File metadata and controls

68 lines (31 loc) · 4.46 KB

Problems Data Science Can Solve

Introduction

In this lesson we will look at what data science is and the different kinds of problems that it can be used to solve. By the end of the lesson you should be able to answer which technique you would use as a professional data scientist for a particular business problem.

Objectives

You will be able to:

  • Describe the problems data science can solve

What Problems Can Data Science Solve?

Congratulations on deciding to become a data scientist! Before we dig into the details of the tools and techniques that you'll need to learn, it's important to take a little time to understand what you'll be able to do once you graduate.
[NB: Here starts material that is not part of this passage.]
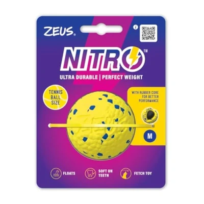 This dog ball is built with a natural rubber core for powerful, long-distance throws Crafted from tough NITRO materials that stay gentle on your dog's teeth and gums The dog ball will retain its high bounce for non-stop, exciting play sessions Available in three sizes to suit all small, medium and large dogs Easy to clean and fully dishwasher-safe for hassle-free maintenance

Here is a list of some of the common types of business problems data scientists are expected to solve.

1. Regression: How much or how many?

Regression analysis is used to predict a continuous value - such as the number of staff you'll need for a busy shift or the likely sale price of a house.

Example: Sales or Market Forecasts

Traditional trend analysis only looks at how one business entity changes with respect to another. Regression analyses can provide insight into how an outcome will change when several other variables are modified.

2. Classification: Which category?

Classification is used to predict which category something will fall into. If you're trying to figure out whether a client is likely to default on a loan (i.e., default or no default) or which of your products a customer is likely to prefer, you're dealing with a classification problem.

Example: Credit Rating

Credit card companies receive hundreds of thousands of applications for new credit cards every week. These applications contain detailed information on social, economic, and personal attributes of applicants. Classification analysis can allow companies to categorize these applications based on the quality of their credit.

3. Anomaly detection: Is this weird?

Anomaly detection is a common data science technique used to find unusual patterns that do not conform to expected behavior. It has applications across various industries from intrusion detection (identifying strange patterns in network traffic that could signal a hack) to fraud detection in credit card transactions to fault detection in operating environments.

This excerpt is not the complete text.